Technology

How to Stop Search Engines from Crawling your Website

Disclosure: When you purchase a service or a product through our links, we sometimes earn a commission.

This blogpost comes in my mind when I deleted few pages from Google and my intention was not to make them publicly accessible.
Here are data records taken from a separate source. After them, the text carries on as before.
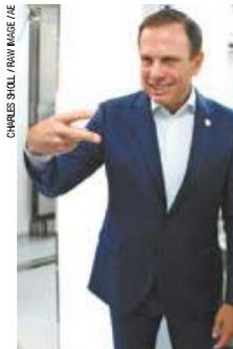
Economia - Prefeito afirmou que deputado “assusta ao mercado”

No evento religioso, Doria alfinetou Bolsonaro, que também visitou a capital paraense. Ao passo que o parlamentar prometeu que “todo brasileiro devia ter uma arma”. Já o tucano afirmou não defender que todo brasileiro tenha uma arma de fogo em casa. “Apoio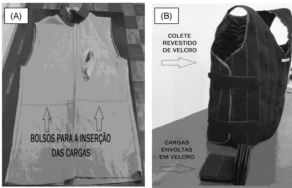
Figura 1. Coletes utilizados nas coletas de dados.

Os dois modelos de órtese possibilitam a mudança de carga e também de distribuição destas cargas, conforme a melhor resposta de estabilidade de tronco. Porém, o colete B tem a vantagem de poder distribuir as cargas em toda a sua superfície sem deslocamento das mesmas durante a marcha, enquanto que no colete A os pesos colocados nos bolsos sofrem pequenas oscilações durante a marcha.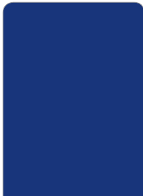
Blue 942-1051 Azul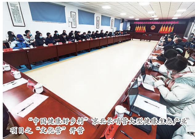
“中国健康好乡村”京北长哨营大型健康生态产业项目之“文化营”开营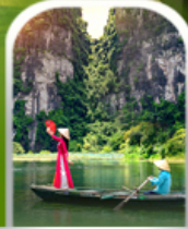
ล่องเรือตามก๊ก (ฮาลองบ๊ก)

เที่ยว 4 วัน 3 คืน เดินทาง กันยายน - ธันวาคม 67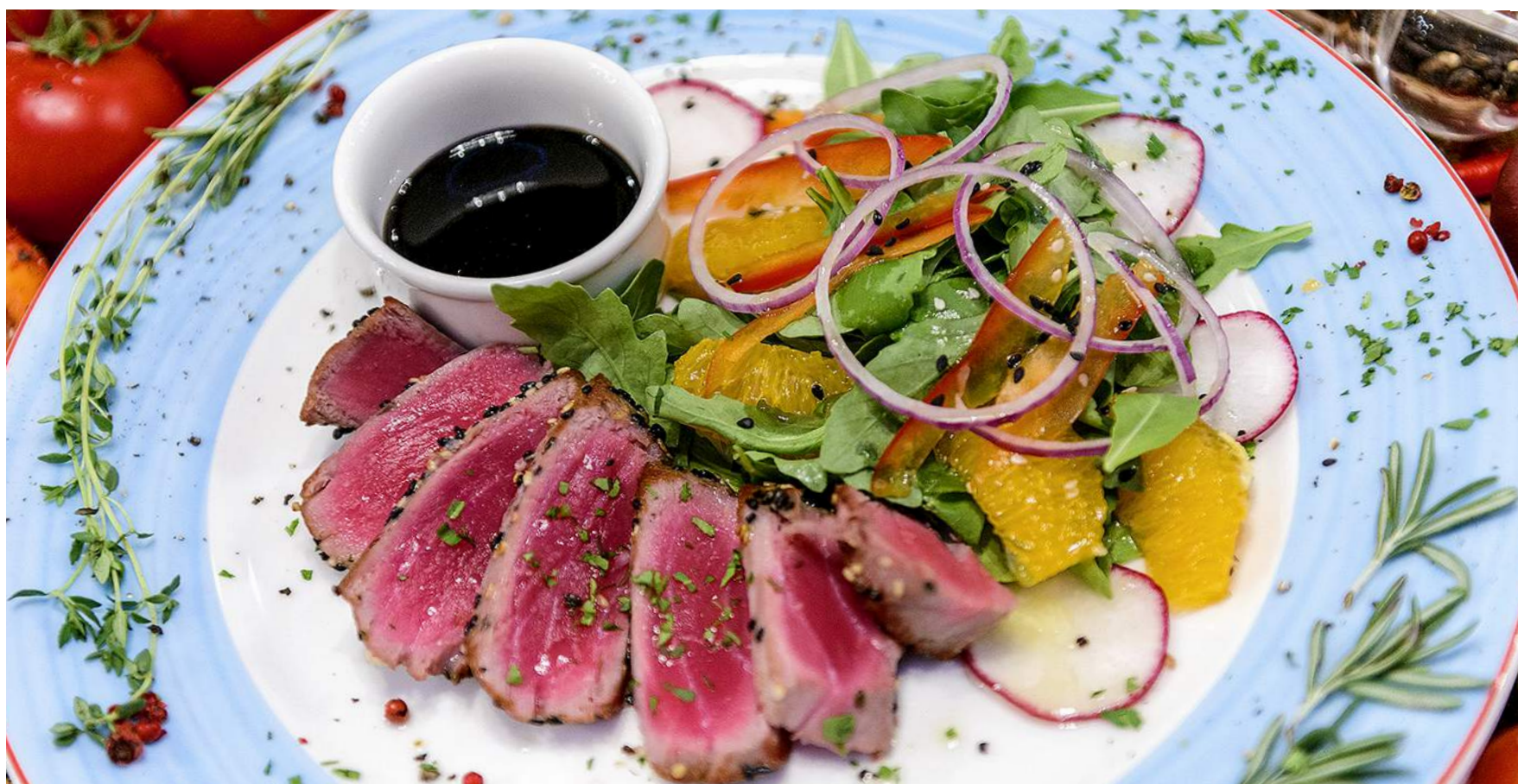
TONNO СТЕЙК ИЗ ТУНЦА С ОВОЩНЫМ САЛАТОМ/ TUNA STEAK WITH VEGETABLE SALAD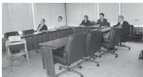
まちなか自転車利用環境向上計画についての視察(金沢市)

本市では、「三鷹市交通総協働計画2022」を平成28年3月に改定し、誰もが安全で安心して快適に移動できる交通体系の実現を目指して、自転車に関する事業として、自転車走行環境整備の検討、自転車安全教育の実施、サイクルシェア事業に向けた社会実験の実施と検証等を掲げています。そこで、その取り組みの参考とするため、先進事例である堺市と金沢市を視察しました。堺市では、堺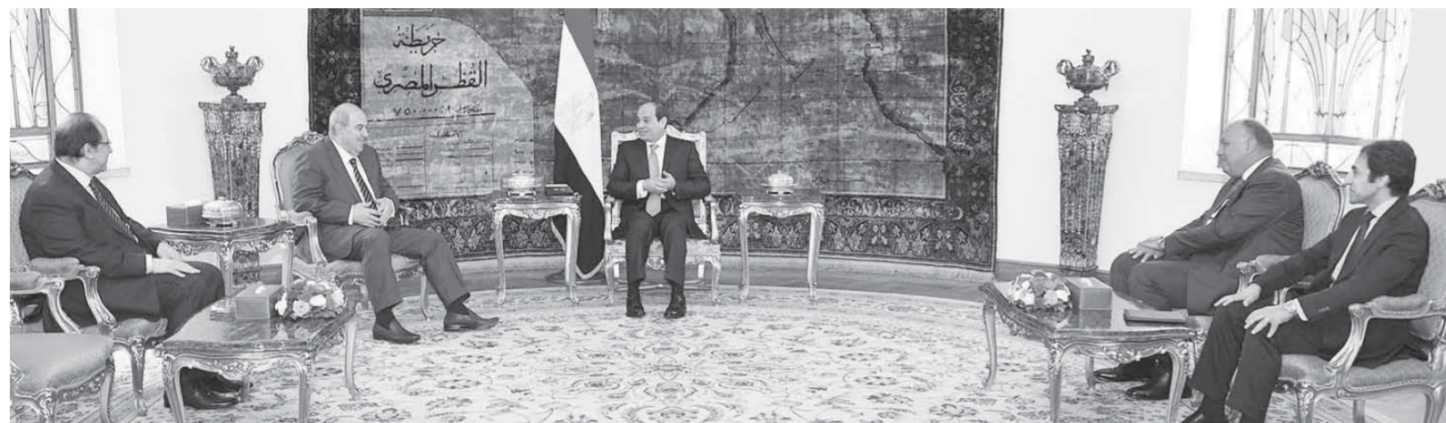
الرئيس عبدالفتاح السيسى أثناء استقباله إيداد علاوى نائب رئيس جمهورية العراق

وذكر السفير بسام راضى أن اللقاء تطرق إلى عدد من مجالات التعاون المشترك وسبل تعزيزها لمصلحة الشعبين الشقيقين، حيث أعرب الجانبان عن تطلعهما لاستمرار التنسيق بين البلدين والعمل على تطوير العلاقات الثنائية بينهما، ولاسيما الاستفادة من الخبرة المصرية في عملية إعادة إعمار المناطق التي تضررت نتيجة الحرب على داعش، وفي تنفيذ عدد من المشروعات المشتركة في مختلف المجالات.

So I thought there are people out there like me who doesn’t want to Google to index their pages.

Reasons to Block Google from Indexing a Page

  1. Prevent your Thank You page for indexing
  2. Reduce pages with are thin or having low-quality content
  3. Removing duplicate content

How to restrict Google to index your pages

Here are few general rules that you can use to prevent google from indexing your site content:

  • Using Noindex tag-

The noindex tag to prevent search engines from indexing a page looks like this:

<meta name="robots" content="noindex">

If you’re only worried about preventing Google from indexing a page, you can use the following code:

<meta name="googlebot" content="noindex">

For wordpress users, you can use Yoast and Rankmath plugin to do this exercise.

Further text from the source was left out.